For more than a century, physicians have searched for ways to pharmacologically reduce excess body fat. The tide has finally turned with recent advances in biochemically engineered agonists for the receptor of glucagon-like peptide-1 (GLP-1) and their use in GLP-1-based polyagonists. These polyagonists reduce body weight through complementary pharmacology by incorporating the receptors for glucagon and/or the glucose-dependent insulinotropic polypeptide (GIP). In their most advanced forms, gut-hormone polyagonists achieve an unprecedented weight reduction of up to ∼20%–30%, offering a pharmacological alternative to bariatric surgery. Along with favorable effects on glycemia, fatty liver, and kidney disease, they also offer beneficial effects on the cardiovascular system and adipose tissue. These new interventions, therefore, hold great promise for the future of anti-obesity medications.

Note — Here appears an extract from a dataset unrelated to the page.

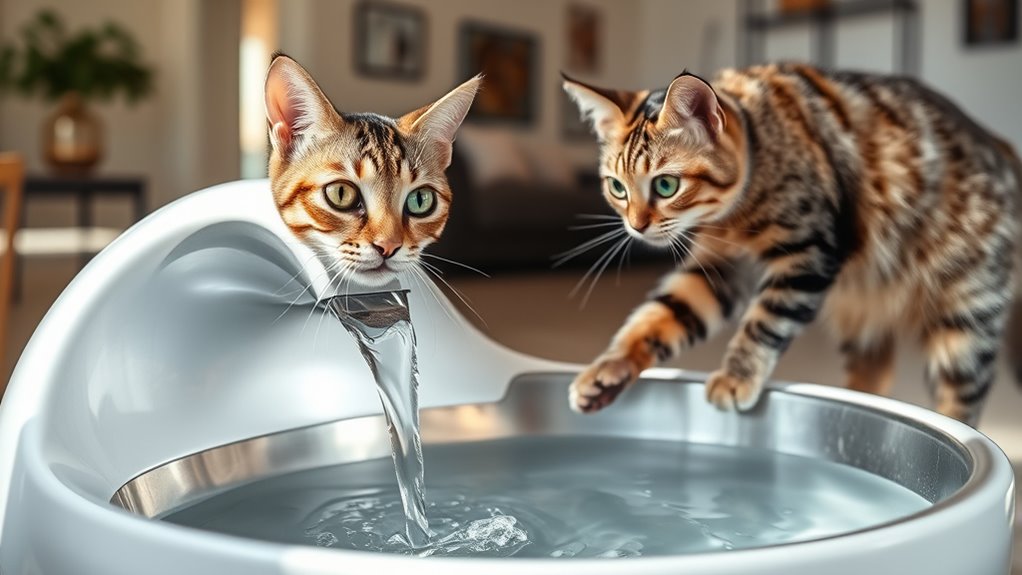 Pet attraction features play a crucial role in encouraging cats to use their drinking fountains regularly. I look for fountains with flowing water features like streams or waterfalls, as they mimic natural sources cats prefer. Adjustable streams and multiple flow modes keep hydration interesting, prompting cats to drink more by offering variety. Visual cues such as LED lights or transparent water levels make it easier for cats to spot and monitor their water, encouraging consistent drinking habits. Designs that resemble toys or incorporate gentle movement attract even picky cats, keeping them engaged. Features like bubbling water or flowing streams leverage a cat’s natural curiosity, making the fountain more appealing. These thoughtful details help ensure your feline stays well-hydrated and happy.

一个多世纪以来，医生们一直在寻找通过药物减少体内多余脂肪的方法。随着胰高血糖素样肽-1 (GLP-1) 受体的生化工程激动剂的最新进展及其在基于 GLP-1 的多激动剂中的应用，潮流终于扭转了。这些多激动剂通过掺入胰高血糖素和/或葡萄糖依赖性促胰岛素多肽（GIP）的受体，通过补充药理学来减轻体重。在其最先进的形式中，肠激素多激动剂实现了前所未有的体重减轻高达 ∼20%–30%，为减肥手术提供了一种药物替代方案。除了对血糖、脂肪肝和肾脏疾病有良好作用外，它们还对心血管系统和脂肪组织产生有益作用。因此，这些新的干预措施为抗肥胖药物的未来带来了巨大的希望。